• _Description of the task_
Look in the listing below for the line that has "vim +/root /etc/passwd", then return it and each following line up to and including the one with "Red silk straight", exactly and without pictures.

• _Source information_

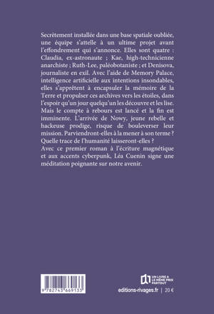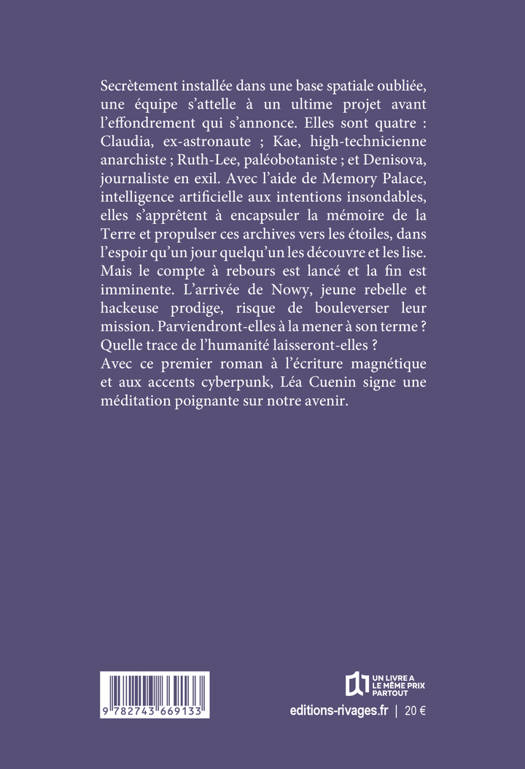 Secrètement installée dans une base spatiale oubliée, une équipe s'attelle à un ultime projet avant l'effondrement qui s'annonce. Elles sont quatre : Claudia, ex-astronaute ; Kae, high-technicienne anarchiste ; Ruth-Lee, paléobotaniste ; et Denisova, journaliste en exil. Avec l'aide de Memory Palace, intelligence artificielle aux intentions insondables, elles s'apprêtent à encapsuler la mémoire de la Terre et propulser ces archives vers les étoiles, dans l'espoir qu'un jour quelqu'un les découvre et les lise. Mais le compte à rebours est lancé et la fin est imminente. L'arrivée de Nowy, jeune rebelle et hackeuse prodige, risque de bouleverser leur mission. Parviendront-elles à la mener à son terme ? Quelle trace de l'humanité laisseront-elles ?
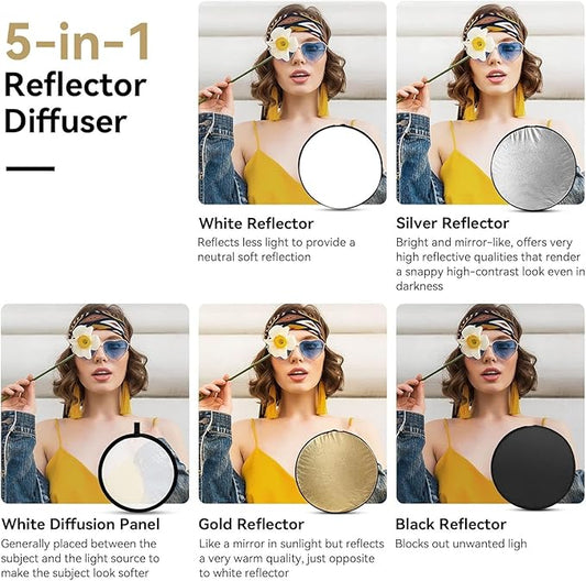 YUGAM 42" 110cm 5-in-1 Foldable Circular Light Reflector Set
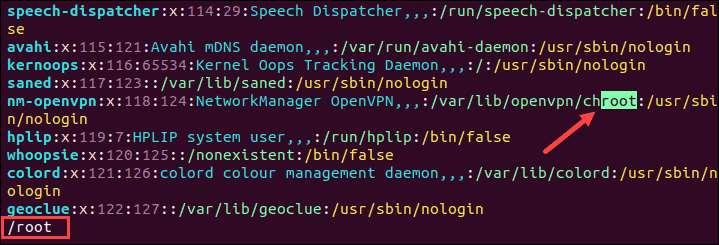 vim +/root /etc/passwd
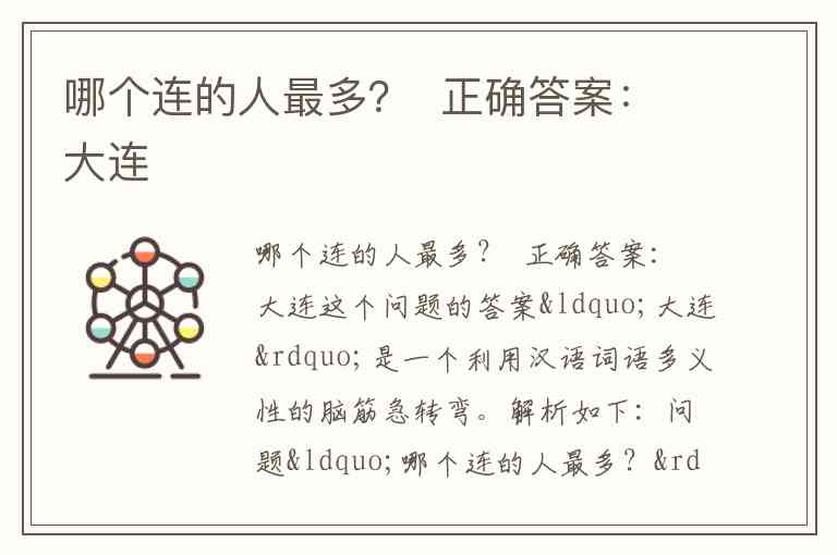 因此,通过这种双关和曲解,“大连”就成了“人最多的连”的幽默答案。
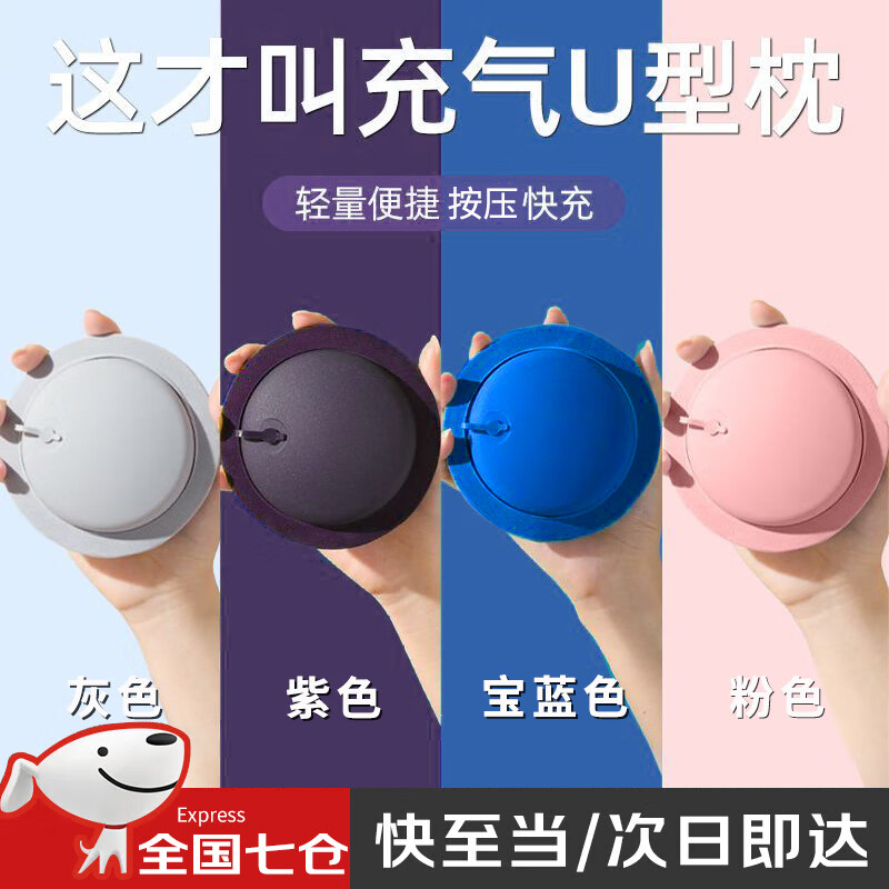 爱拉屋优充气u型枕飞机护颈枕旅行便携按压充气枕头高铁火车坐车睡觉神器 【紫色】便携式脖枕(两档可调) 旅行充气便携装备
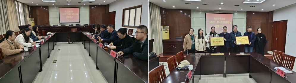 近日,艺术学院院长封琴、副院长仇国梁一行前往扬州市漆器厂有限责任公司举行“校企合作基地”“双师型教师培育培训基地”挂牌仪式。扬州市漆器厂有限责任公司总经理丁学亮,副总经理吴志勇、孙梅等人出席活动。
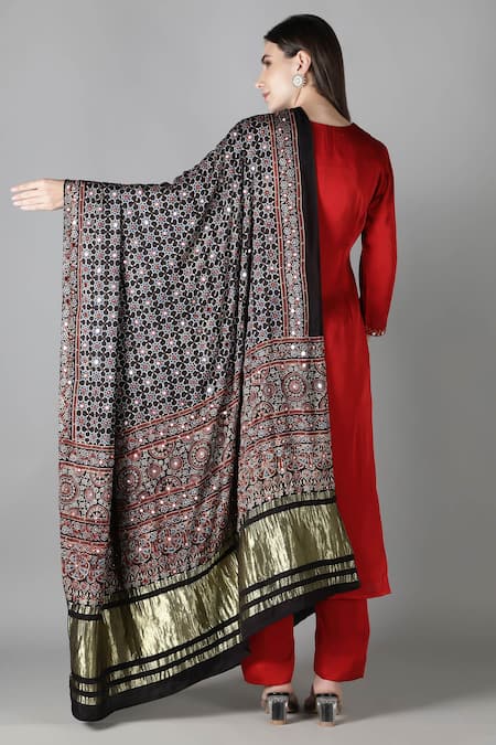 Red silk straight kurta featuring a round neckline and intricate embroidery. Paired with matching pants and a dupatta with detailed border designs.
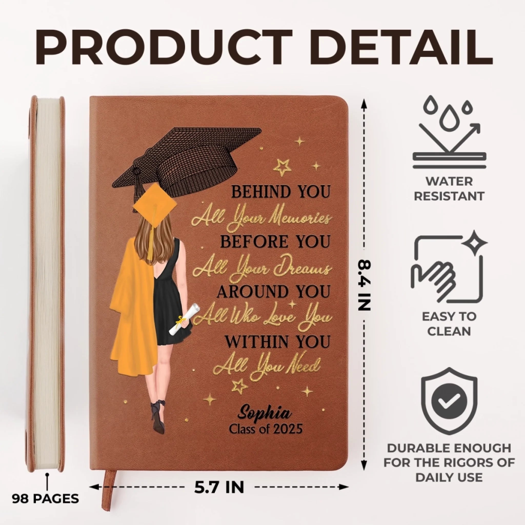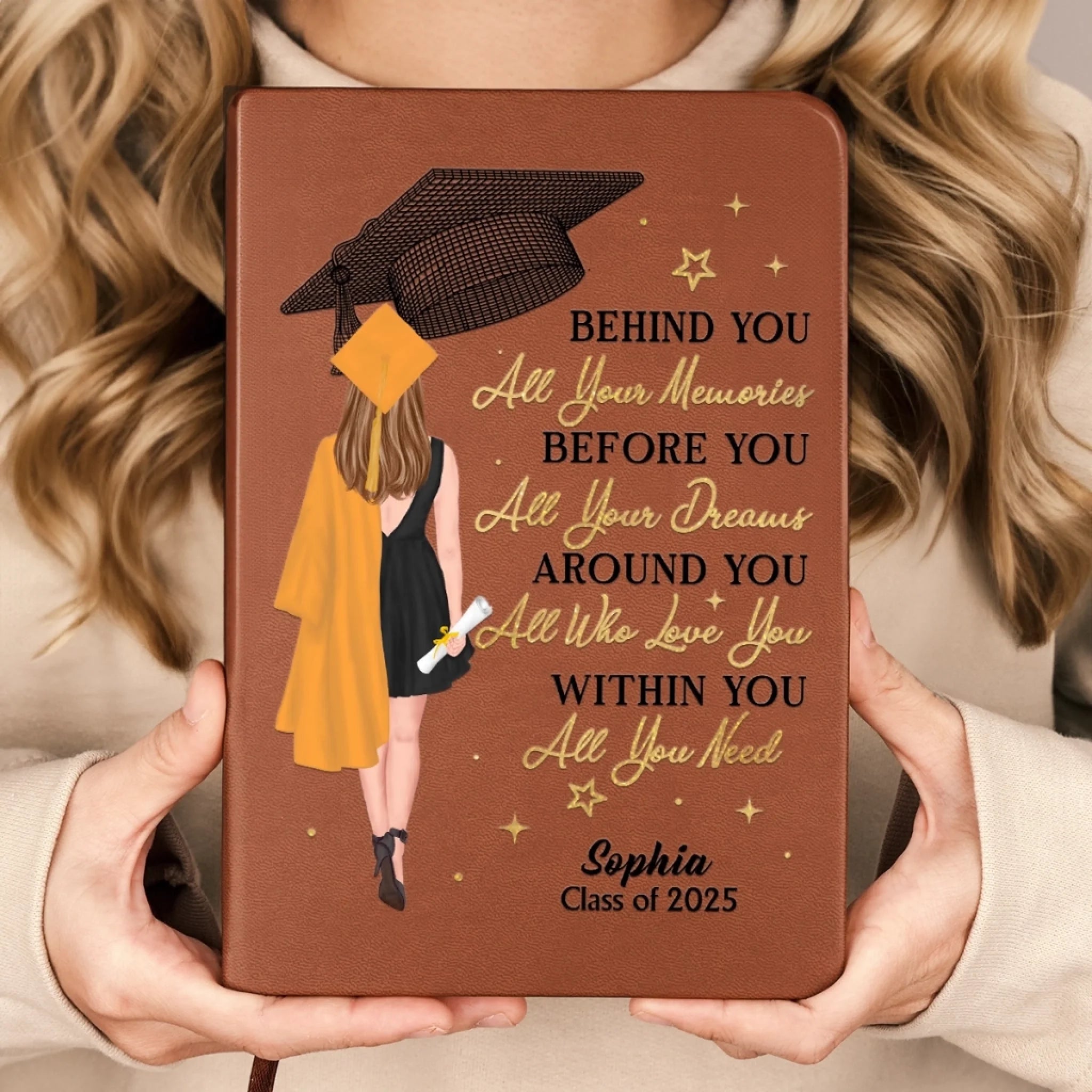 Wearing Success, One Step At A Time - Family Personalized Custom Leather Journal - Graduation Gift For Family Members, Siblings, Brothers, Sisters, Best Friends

• _Finished task_
 vim +/root /etc/passwd
 因此,通过这种双关和曲解,“大连”就成了“人最多的连”的幽默答案。
 爱拉屋优充气u型枕飞机护颈枕旅行便携按压充气枕头高铁火车坐车睡觉神器 【紫色】便携式脖枕(两档可调) 旅行充气便携装备
 近日,艺术学院院长封琴、副院长仇国梁一行前往扬州市漆器厂有限责任公司举行“校企合作基地”“双师型教师培育培训基地”挂牌仪式。扬州市漆器厂有限责任公司总经理丁学亮,副总经理吴志勇、孙梅等人出席活动。
 Red silk straight kurta featuring a round neckline and intricate embroidery. Paired with matching pants and a dupatta with detailed border designs.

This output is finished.